Required work » What's needed is an exact copy of all the data below, without pictures.

Collected material »
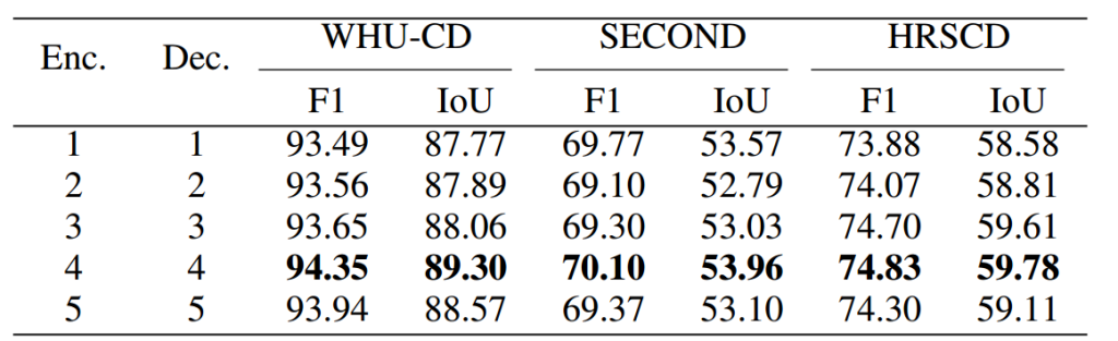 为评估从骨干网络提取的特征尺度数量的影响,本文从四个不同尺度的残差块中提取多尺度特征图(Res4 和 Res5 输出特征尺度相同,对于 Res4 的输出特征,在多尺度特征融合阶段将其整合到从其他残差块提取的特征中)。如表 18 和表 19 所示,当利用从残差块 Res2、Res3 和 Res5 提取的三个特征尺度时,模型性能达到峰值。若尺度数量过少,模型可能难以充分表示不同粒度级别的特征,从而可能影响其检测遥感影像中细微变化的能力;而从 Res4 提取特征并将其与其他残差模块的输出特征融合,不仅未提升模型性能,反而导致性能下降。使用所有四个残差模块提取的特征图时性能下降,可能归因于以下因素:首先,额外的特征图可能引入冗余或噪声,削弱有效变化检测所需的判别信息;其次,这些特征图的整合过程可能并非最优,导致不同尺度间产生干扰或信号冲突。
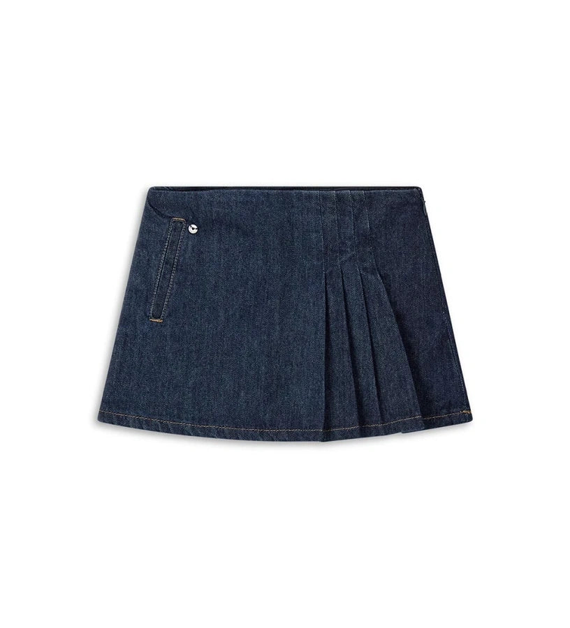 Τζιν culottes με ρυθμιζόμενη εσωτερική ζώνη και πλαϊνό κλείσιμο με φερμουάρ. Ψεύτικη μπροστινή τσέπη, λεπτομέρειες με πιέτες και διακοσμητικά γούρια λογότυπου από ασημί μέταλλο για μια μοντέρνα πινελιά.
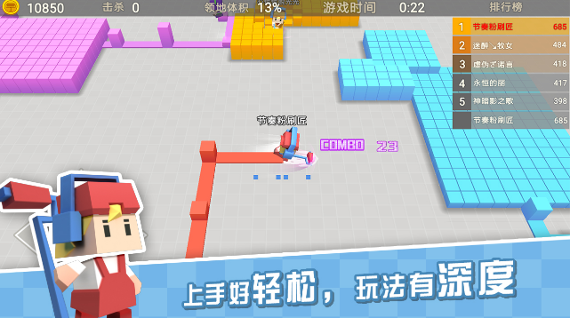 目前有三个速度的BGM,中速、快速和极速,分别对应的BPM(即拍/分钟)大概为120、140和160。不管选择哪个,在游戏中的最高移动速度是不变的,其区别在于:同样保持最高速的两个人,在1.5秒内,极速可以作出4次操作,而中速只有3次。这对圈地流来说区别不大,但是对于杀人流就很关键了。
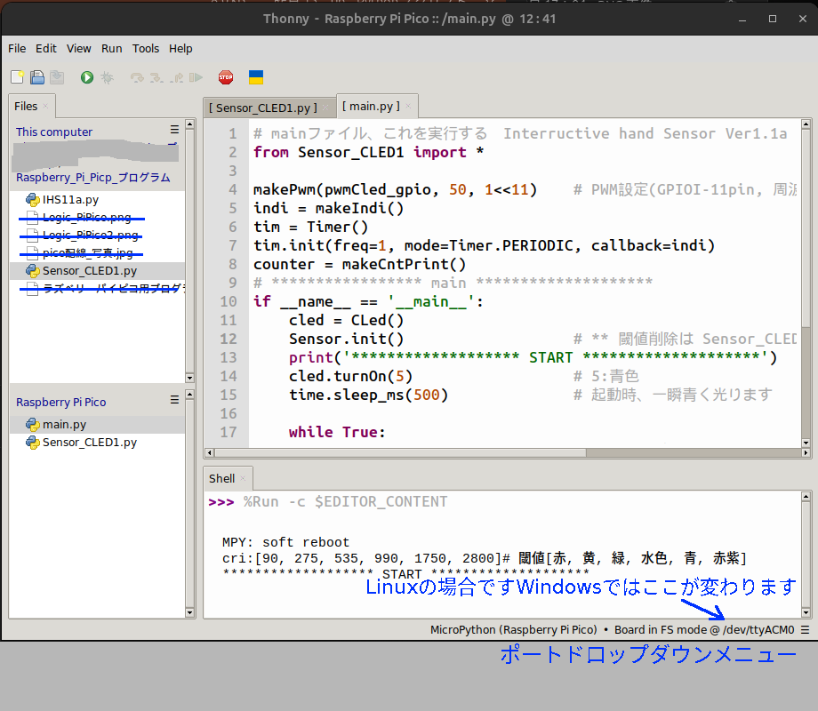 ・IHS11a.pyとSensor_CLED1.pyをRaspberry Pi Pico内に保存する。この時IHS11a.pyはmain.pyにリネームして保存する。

Task answer »
 为评估从骨干网络提取的特征尺度数量的影响,本文从四个不同尺度的残差块中提取多尺度特征图(Res4 和 Res5 输出特征尺度相同,对于 Res4 的输出特征,在多尺度特征融合阶段将其整合到从其他残差块提取的特征中)。如表 18 和表 19 所示,当利用从残差块 Res2、Res3 和 Res5 提取的三个特征尺度时,模型性能达到峰值。若尺度数量过少,模型可能难以充分表示不同粒度级别的特征,从而可能影响其检测遥感影像中细微变化的能力;而从 Res4 提取特征并将其与其他残差模块的输出特征融合,不仅未提升模型性能,反而导致性能下降。使用所有四个残差模块提取的特征图时性能下降,可能归因于以下因素:首先,额外的特征图可能引入冗余或噪声,削弱有效变化检测所需的判别信息;其次,这些特征图的整合过程可能并非最优,导致不同尺度间产生干扰或信号冲突。
 Τζιν culottes με ρυθμιζόμενη εσωτερική ζώνη και πλαϊνό κλείσιμο με φερμουάρ. Ψεύτικη μπροστινή τσέπη, λεπτομέρειες με πιέτες και διακοσμητικά γούρια λογότυπου από ασημί μέταλλο για μια μοντέρνα πινελιά.
 目前有三个速度的BGM,中速、快速和极速,分别对应的BPM(即拍/分钟)大概为120、140和160。不管选择哪个,在游戏中的最高移动速度是不变的,其区别在于:同样保持最高速的两个人,在1.5秒内,极速可以作出4次操作,而中速只有3次。这对圈地流来说区别不大,但是对于杀人流就很关键了。
 ・IHS11a.pyとSensor_CLED1.pyをRaspberry Pi Pico内に保存する。この時IHS11a.pyはmain.pyにリネームして保存する。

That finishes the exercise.